Amit Pal
Amit Pal

Reputation: 11052

How to return a value computed by overriding method from a subclass to it's base class method in python

I have a base class like this:

class base(object):
    name = ""
    def __init__(self,name):
        self.user =user
    def context(self,value):
        return {}

Instead of this i created an another subclass and override this above "context" method:

class override(base):
    name = "New class"
    def context(self, value):
        a = []
        a = "hello","b"
        return a

I want to create a plugins, all they have are different definitions (different value of list will return) for context method. So i want to do this by putting override functionality.

When i call this base.context function from an another file. Following things should be happen:

  1. The list i.e "a" (in override context method) should return it's value to base context method first.

  2. After getting a value from override.context method, base.context will return that value to from where it's called after making some changes into it.

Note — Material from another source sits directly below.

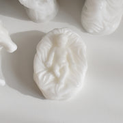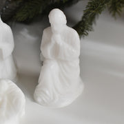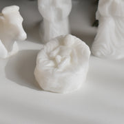 母マリアと父のヨセフ、そして牛とロバがイエス・キリストを優しく見守るように囲んでいます。一つ一つ手のひらに乗るほどの可愛らしいサイズですが、穏やかな表情や、柔らかな雰囲気が蝋で見事に再現されています。

But, When i call this base.description method it will return a value directly from override.description method. So i am not able to make that changes into it :(

Upvotes: 0

Views: 408

Answers (2)

aquavitae
aquavitae

Reputation: 19114

A few things in you question are a little confusing, but I think that what you want is something like this example (python2.7):

class base(object):
    name = ""

    def __init__(self, name):
        self.user =user

    def context(self, value):
        return [value]


class override(base):
    name = "override"

    def context(self, value):
        base_context = super(override, self).context(value)
        a = ["hello", "a"] + base_context

    def description(self):
        return "override description"

The you can do the following:

>>> a = override()
>>> override.context("value")
["hello", "a", "value"]
>>> override.description()
"override description"

However, calling these methods on base gives different results:

>>> a = base()
>>> a.context("value")
["value"]
>>> base.description()
Traceback (most recent call last):
    ...
AttributeError: 'base' has no attribute 'description'

Its not entirely clear if this is what you want though, because you refer to base.context getting a value from override.context, whereas it normally happens the other way around. The same goes for override.description. If you really want base.context to get a value from override.context this can be done through base.__subclasses__(), but you would have to deal with all subclasses of base, and this sort of usage is extremely uncommon (and usually undesirable).

Upvotes: 3

San4ez
San4ez

Reputation: 8241

Use super(override, self).context(value) to get context from base class.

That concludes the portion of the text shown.